Revenge Porn e Lei Maria da Penha

Manifestada no mundo digital através das redes sociais, a "Revenge Porn" trata-se de divulgação não autorizada de fotos ou vídeos íntimos por ex parceiro(a) da vítima de exposição indevida.

Os tribunais brasileiros têm aplicado a Lei Maria da Penha (Lei n.º 11.340/2006) a estes casos, uma vez que a conduta desprezível e irresponsável do propagador configura evidente prática de violência moral. 

Ao buscarem proteção junto ao Poder Judiciário, as vítimas de pornografia de vingança postulam medidas protetivas de urgência visando a cessação da veiculação de sua imagem, bem como o afastamento do agressor tanto da vítima quanto de sua família, bem como indenização pelos danos morais sofridos.

O vazamento de fotos e vídeos íntimos tem sido visto como uma das formas mais cruéis de violência de gênero praticado contra a mulher na atualidade, uma vez que a coloca em situação de extrema vulnerabilidade, atingindo sua honra de forma drástica em diversos níveis (perante a família, amigos, vizinhos, colegas de trabalho), em uma sociedade que persiste em sua cultura machista.

Importante ressaltar que a disseminação indevida do material por alguém com quem já manteve relacionamento amoroso, compartilhando intimidade e confiança, pode causar traumas, humilhações e prejuízos irreparáveis à vida da mulher, com efeitos que podem perdurar a vida inteira.

Salienta-se que o compartilhamento de fotos e vídeos por terceiros também é crime, sendo que há peritos forenses especializados na busca desse material na Internet, através de rastreamentos e quebra de sigilo.

Atualmente, tramita no Congresso Nacional um projeto de lei que busca aumentar as penas para quem comete a propagação indevida de imagens íntimas. O PL 18/2017, caso aprovado, cominará pena de 2 (dois) a 4 (quatro) anos de prisão ao agressor, além de multa. Hoje, a conduta é julgada como crime de menor potencial ofensivo, e geralmente transformada em pena pecuniária.

domingo, 1 de julho de 2018

"Stalkear" pode gerar Dano Moral

Em post anterior já tratamos sobre o Stalking, situação que ocorre quando uma pessoa impõe sua presença (inconveniente e indesejada) na vida de outra, através de ligações, envio de mensagens e e-mails, contato em redes sociais ou frequentando os mesmos ambientes em que a vítima costuma circular.
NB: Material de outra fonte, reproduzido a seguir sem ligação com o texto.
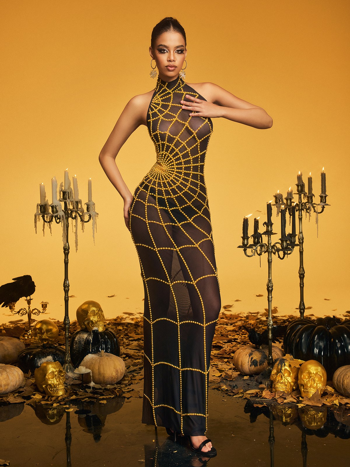 Kaelyra High Neck Cobweb Pearl Maxi Dress In Gold

Recentemente um Juiz que atua no Paraná condenou um homem ao pagamento de uma indenização no montante de R$ 25 mil a uma mulher vítima de stalking, a título de danos morais. Isso porque, no entendimento do Magistrado, a prática de atos persecutórios atingem diretamente os direitos de personalidade da vítima, gerando o dever de reparação civil.
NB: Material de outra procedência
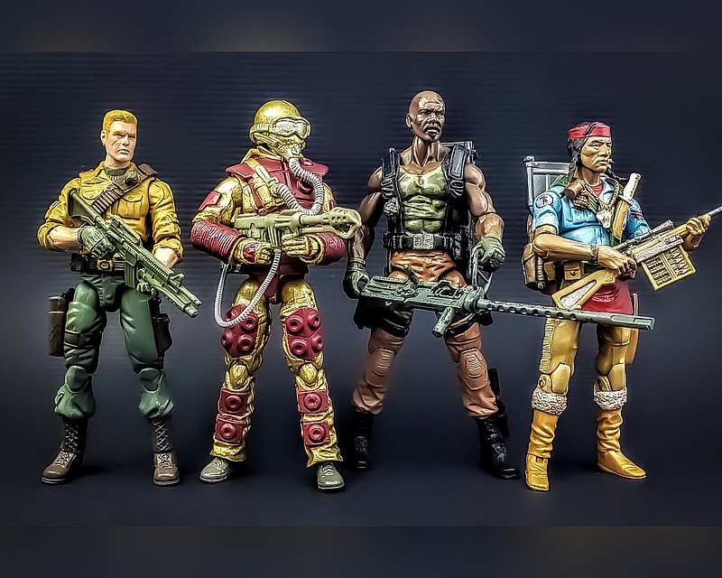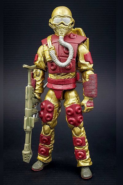 I thought the tan and green concept art-based version of Blowtorch would be my display go-to, though unveiled long after his glory days. Red+yellow had his time on my shelf prior to 2015, but the red+yellow combo was just too garish and made him stand out among the 80+ figures (and not in the good way). However, after a few more years, I felt the tan+green also made him less recognizable in the collection display as, well, Blowtorch. The solution was to switch out the garish yellow for a yellowish gold. It worked for Iron Man in 2008 (comics, movie, figures), why not here?

No caso específico, o homem iniciou o assédio por meio de mensagens no celular, que com o passar do tempo, evoluíram de educadas para textos com cunho sexual. Não satisfeito, o agressor passou a frequentar o local de trabalho da vítima. 

Embora a legislação pátria não criminalize expressamente a conduta, o Juiz paranaense buscou na norma estrangeira - Direito Italiano, onde stalkear é considerado um delito -, o embasamento para a condenação.

Nas palavras do Magistrado Rogerio de Vidal Cunha, "tanto o stalking como a intrusão relacional obsessiva são comportamentos insidiosos que buscam causar sofrimento às suas vítimas, são formas de constrangimento que ultrapassam qualquer senso de razoabilidade e de respeito, são, em essência, atos ilícitos que atingem o ser humano naquilo que lhe é mais caro, que é a sua tranquilidade de paz de espírito."